Saturday, June 23, 2012

Cheesy Vegeful Muffins

These muffins are a great, tasty way of boosting your children's vegie intake!

Master W isn't a big fan of eating dinner, so I try to get as many nutrients into him as possible during the day. As he's a lover of all things cake-related, my muffins go down a treat!  Plus they're packed with vegies, dairy and a bit of protein too.

I have been asked for this recipe several times, so I thought I'd share it on the blog in case anyone else is interested.

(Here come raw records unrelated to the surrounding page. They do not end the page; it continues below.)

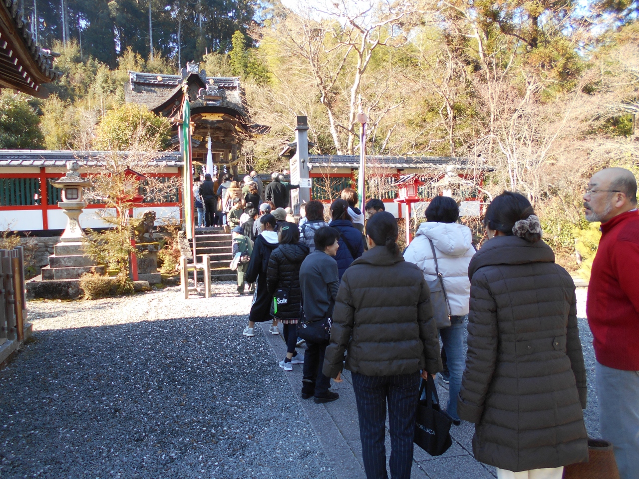 紅葉で有名な鍬山神社です。亀岡市から南の方へ入った所にあります。電車の駅からならかなりの距離になります。バスもたぶん本数は少ないと思います。それでもお正月は初詣でにぎわいます。車で来られる方が多いみたいです。たこ焼きの屋台が一軒出ています。数年前に食べた時はキャベツの入った京都式のたこ焼きでした。今年は食べようと思っていたのですが、忘れてしまいました。
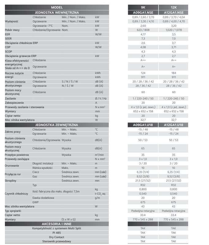 Praca klimatyzacji jest cicha (20-45 dB) oraz energooszczędna (klasa energetyczna A++ dla chłodzenia).
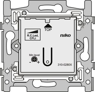 Niko electronica dimmer, samenstelling basiselement, bedieningswijze drukker, type belasting capacitieve belasting, ingang voor nevenunit, lichtwaardegeheugen, inbouw, soort bevestiging schroefbevestiging, beschermingsgraad (ip) ip20, nom. vermogen 2 - 100va, toepassing led-verlichting
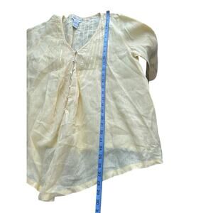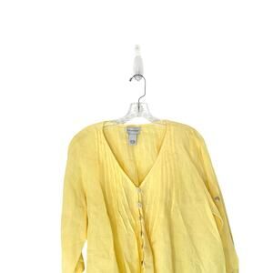 Soft Surroundings Yellow Pleated Lagenlook Coastal Linen Blouse Medium Petite
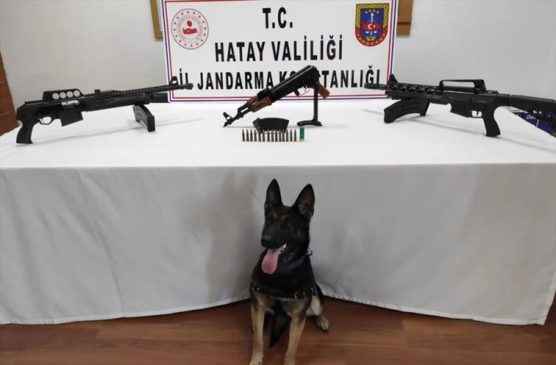 Dedektör köpek "Leydi"nin de katılımıyla bölgede arama yapan ekipler, toprağa gömülü 2 otomatik av tüfeği, kalaşnikof, şarjör ve 15 fişek ele geçirdi.
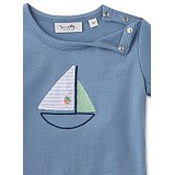 Футболка Sanetta Fiftyseven – это идеальный выбор для мальчиков! Изготовленная из 100% натурального хлопка, она украшена яркой аппликацией яхты с белым, зеленым и красным парусами. Нежная голубая основа с яркими акцентами создает ощущение морского приключения. На фотографиях видна аккуратная белая окантовка по краю и мягкая текстура ткани. Качество от бренда Sanetta и внимание к деталям делают эту футболку отличным выбором для вашего мальчика!
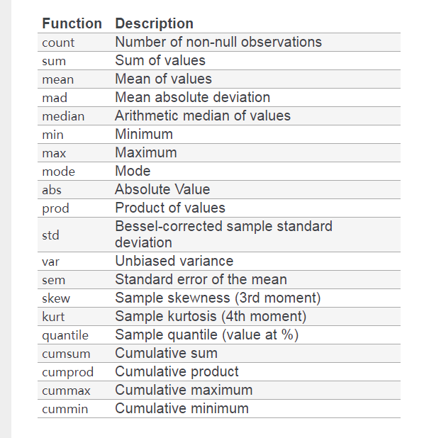 上图截自 pandas 官网 document,这里就不一一细说。
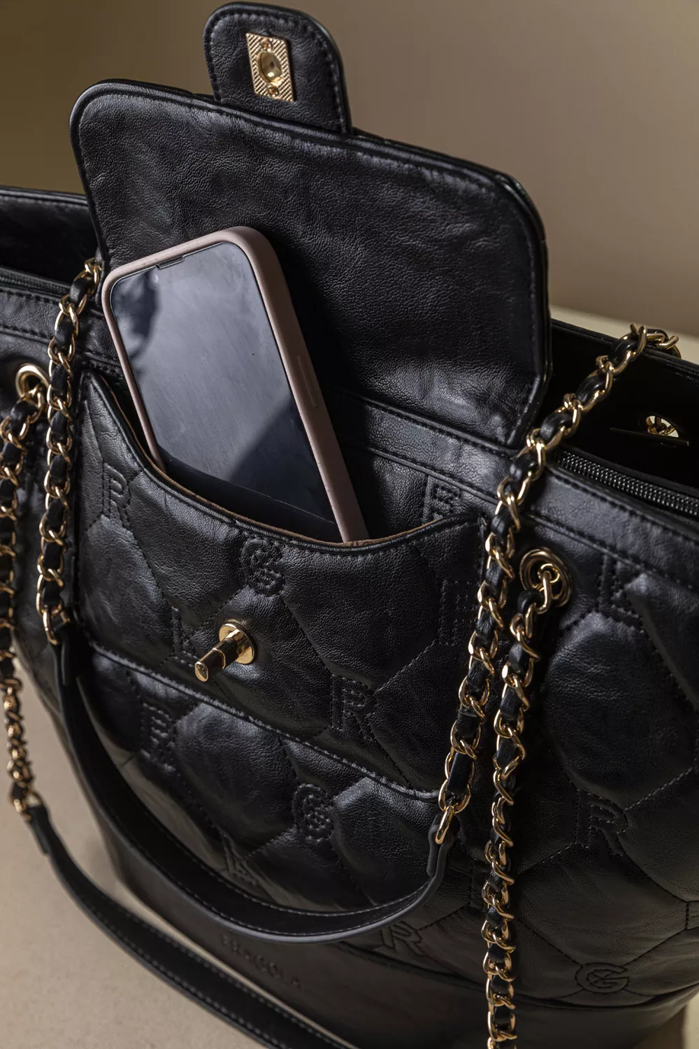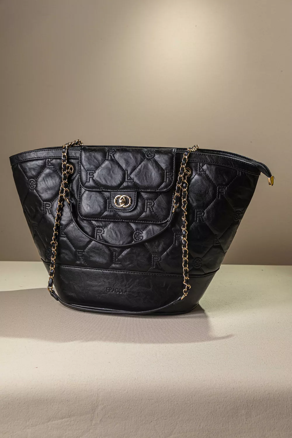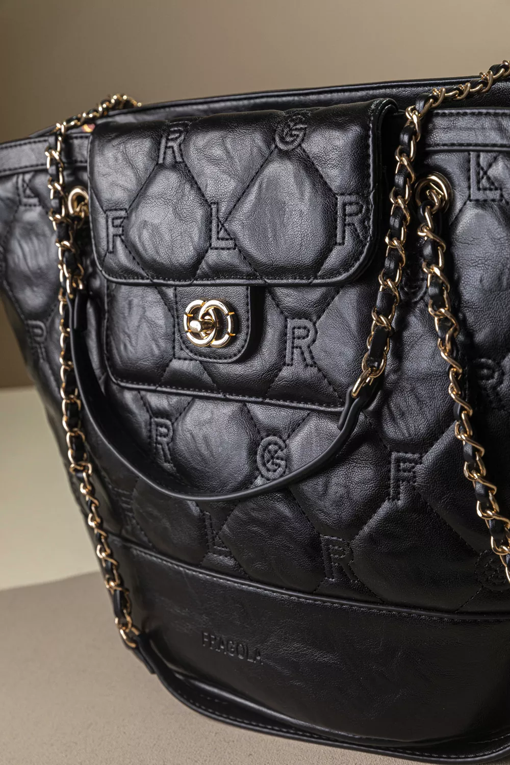 • Καπιτονέ σχέδιο με γαζιά που απεικονίζει τα γράμματα της εταιρείας. Χρυσές μεταλλικές λεπτομέρειες που χαρίζουν πολυτελή εμφάνιση.

Cheesy Vegeful Muffins (makes 12)

"This is how you grate"
"Can I help?"
2 cups self-raising flour (you can use wholemeal if you're feeling particularly virtuous!)
1 cup grated cheese
2 slices shortcut bacon, finely diced (equates to about half a cup)
1/2 cup corn kernels
1 small zucchini, grated
1 carrot, finely grated
2 spring onions, finely sliced
1/4 capsicum (red or green), finely chopped
1 cup milk
1 egg

25ml extra virgin olive oil

1. Preheat oven to 190°C and grease a muffin tray.

2. Fry the bacon in a non-stick pan until browned and crispy. If the corn kernels are frozen, put them in the frying pan to defrost briefly before turning off the heat. Allow to cool.

3. Sift the flour into a large bowl. Add the cheese, bacon and corn.
4. In a separate small bowl, whisk together the egg, milk, oil, carrot, zucchini, capsicum and onion, until well combined.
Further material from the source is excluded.